褚涯愣了愣,意识到空气寒冷,小孩又在开始流鼻涕。他斜着身体离沈蜷蜷远了些,又拿过一卷刚拆封过的卫生纸,揪下一段递给沈蜷蜷。
“把鼻涕擦了吧。”
“哦。”
褚涯知道这卫生纸年月太久,已经不那么卫生,又道:“别碰到嘴,只擦鼻涕。”
“哦。”
“……算了,把脸伸过来,我给你擦。”
褚涯给沈蜷蜷擦鼻涕,嘴里叮嘱:“只要觉得鼻子痒,想要流鼻涕了,就要用纸擤掉,别等它——”
褚涯说得自己都有些恶心,猛然闭上了嘴,待到那股恶心劲儿过去后才接着道:“——别等它淌出来。”
他给沈蜷蜷擦鼻涕时,沈蜷蜷便保持着探头的姿势没动,眼睛也一眨不眨地看着他。
“好了。”
褚涯丢掉了纸,再抬头时,瞧见沈蜷蜷还站在推车旁,神情愣愣地盯着他。
“怎么了?”褚涯问。
沈蜷蜷忽地收回视线左右看,用手指抠着自己裤缝,没头没脑地道:“王柱生他哥给王柱生擦过鼻涕的。”
褚涯没有应声,又过了两秒后,沈蜷蜷突然跳了起来,绕着推车跑了两圈,再转到推车后,用力推动扶手:“嗨呀,小二班,加油……哈哈哈哈,嗨呀……哈哈哈。”
褚涯没有问沈蜷蜷为什么突然这么高兴,只用铁棍撑着地面往前,神情看着淡淡的,目光里却多了一分柔软。
他们要去的是沈蜷蜷昨晚取水的小院,中途经过面包房外的那条长椅时,沈蜷蜷飞快地跑去坐下,仰头靠在椅背上,发出长长的舒适叹气声。
“孩子,人生就是这样,与其不开心,不如和爷爷一起唱歌晒太阳……爷爷的小车滴滴滴,哒哒哒,滴滴滴……”

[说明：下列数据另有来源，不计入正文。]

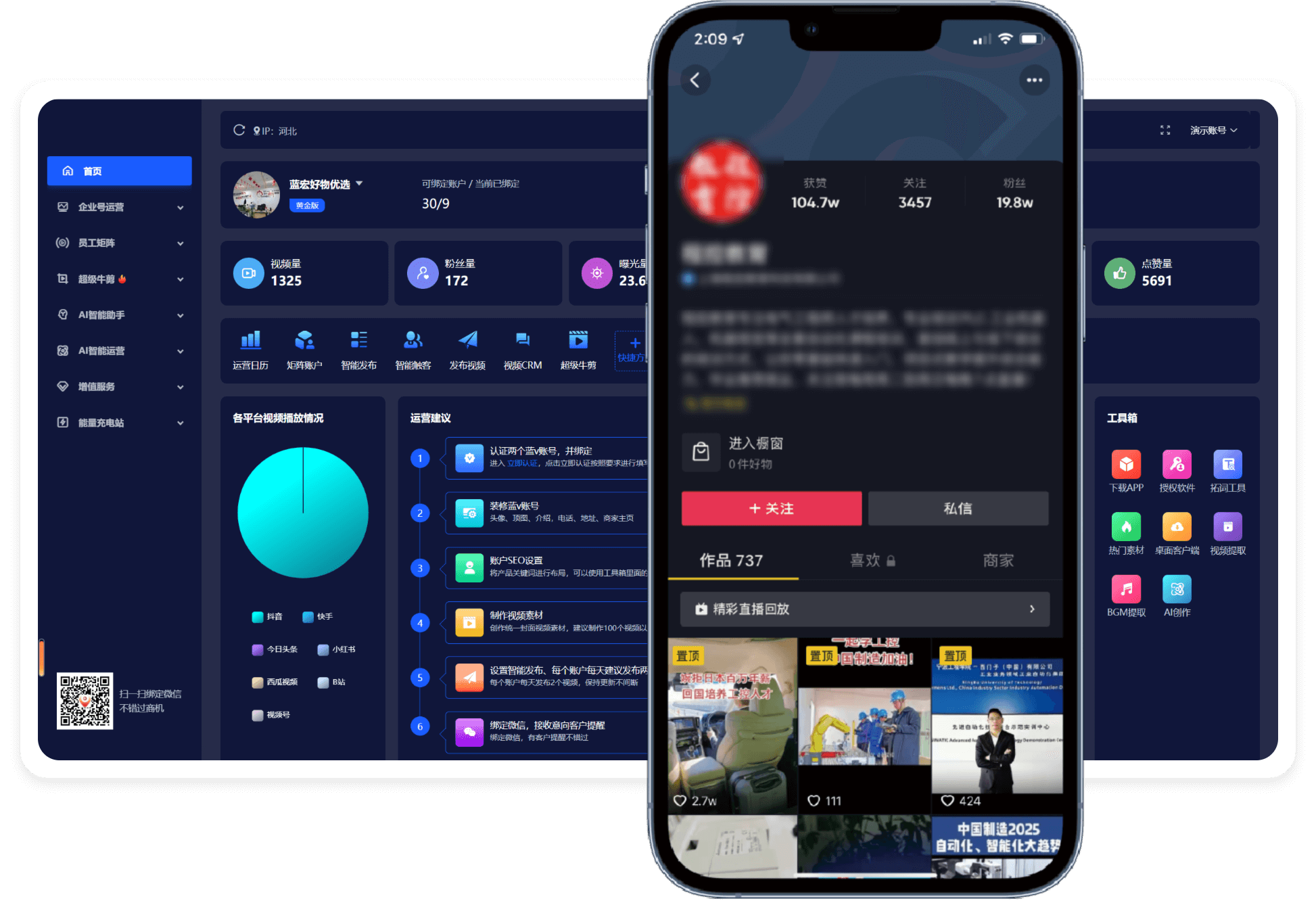 实现企业号视频、关注、粉丝等多重数据管理,同步绑定抖音、快手、头条等主流平台,通过客户信息同步,一站式管理企业账号

沈蜷蜷两手做出转方向盘的动作,两只垂在空中的小脚打着拍子。褚涯也不催他,就等在大街上,任由沈蜷蜷唱完一长段,最后踩刹车,跳下长椅跑回来继续推车。
左边出现了一条巷道,沈蜷蜷想起昨晚的事,就抱着扶手不进去。褚涯让他坐在身旁,自己用铁棍撑了进去。
小院没有台阶或是门槛,褚涯一直将推车撑进院子,撑到了那个水槽前方。
“地上的脚印没了,昨天晚上那里有鬼的脚印。”沈蜷蜷指着空地对褚涯道。
现在院子里全是他俩的脚印和推车痕迹,除此外什么也见不着。
褚涯从编织袋里取出牙刷毛巾等洗漱用品,但拆掉一板牙刷的外包装袋后,牙刷才在手里抖抖,刷毛便簌簌掉落,只剩个光秃秃的牙刷杆。
他将所有牙刷试了一遍,最后只留下了两把,一把是地中海,一把是后半部分秃瓢。
“喜欢哪一把?”褚涯让沈蜷蜷自己挑。
沈蜷蜷挑了那把碧绿色地中海:“这个颜色好好看。”但马上又看中了鹅黄色秃瓢:“这把其实也好看。”
“就绿色的,选你的第一感觉。”褚涯将地中海递给他,朝水槽抬了下下巴:“去刷牙吧。”
“现在啊……”
“现在怎么了?”
“这儿,这儿又没有管理,我们为什么要刷牙?”
褚涯解释:“刷牙不是为了管理,是为了我们的牙齿——”
“我不刷,又没有管理在。”沈蜷蜷坚持。
褚涯抿着唇看了他片刻,平静地道:“其实我也是管理。”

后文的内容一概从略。